* **GIVEN INFORMATION**:
*** Begin section ***

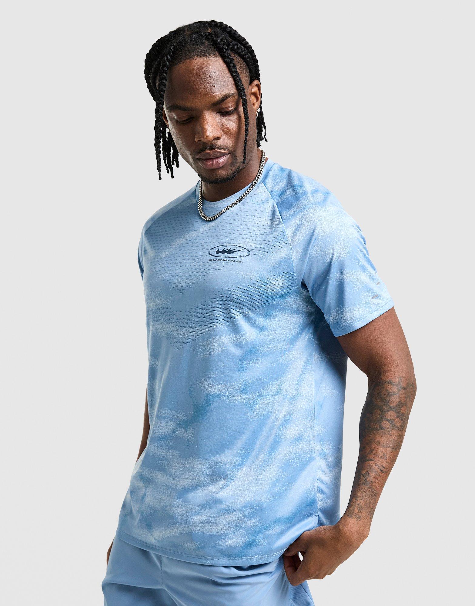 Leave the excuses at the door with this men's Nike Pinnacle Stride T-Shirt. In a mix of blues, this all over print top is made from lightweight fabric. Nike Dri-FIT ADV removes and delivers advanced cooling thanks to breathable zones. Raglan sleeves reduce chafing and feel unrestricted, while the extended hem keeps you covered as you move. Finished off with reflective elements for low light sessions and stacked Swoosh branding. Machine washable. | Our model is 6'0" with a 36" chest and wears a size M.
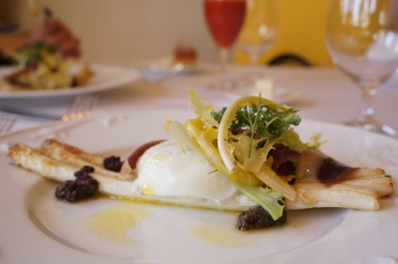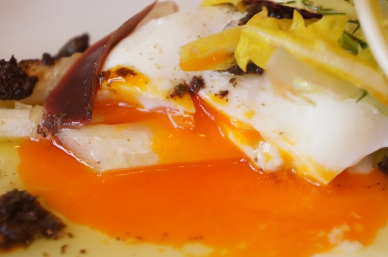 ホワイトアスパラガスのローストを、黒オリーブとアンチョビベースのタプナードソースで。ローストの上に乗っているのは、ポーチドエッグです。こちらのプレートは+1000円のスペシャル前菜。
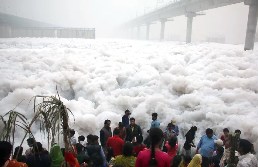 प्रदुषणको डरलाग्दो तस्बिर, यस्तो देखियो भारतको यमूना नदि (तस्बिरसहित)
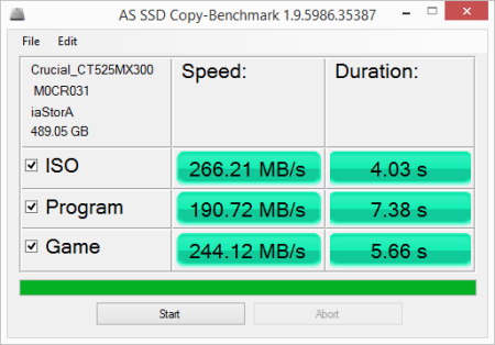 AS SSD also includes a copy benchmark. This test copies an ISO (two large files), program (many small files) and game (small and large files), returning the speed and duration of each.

*** End section ***

No pictures should appear in the copy. Print exactly the lines above from the line containing "ホワイトアスパラガスのロース" through the last line of the data.

 ホワイトアスパラガスのローストを、黒オリーブとアンチョビベースのタプナードソースで。ローストの上に乗っているのは、ポーチドエッグです。こちらのプレートは+1000円のスペシャル前菜。
 प्रदुषणको डरलाग्दो तस्बिर, यस्तो देखियो भारतको यमूना नदि (तस्बिरसहित)
 AS SSD also includes a copy benchmark. This test copies an ISO (two large files), program (many small files) and game (small and large files), returning the speed and duration of each.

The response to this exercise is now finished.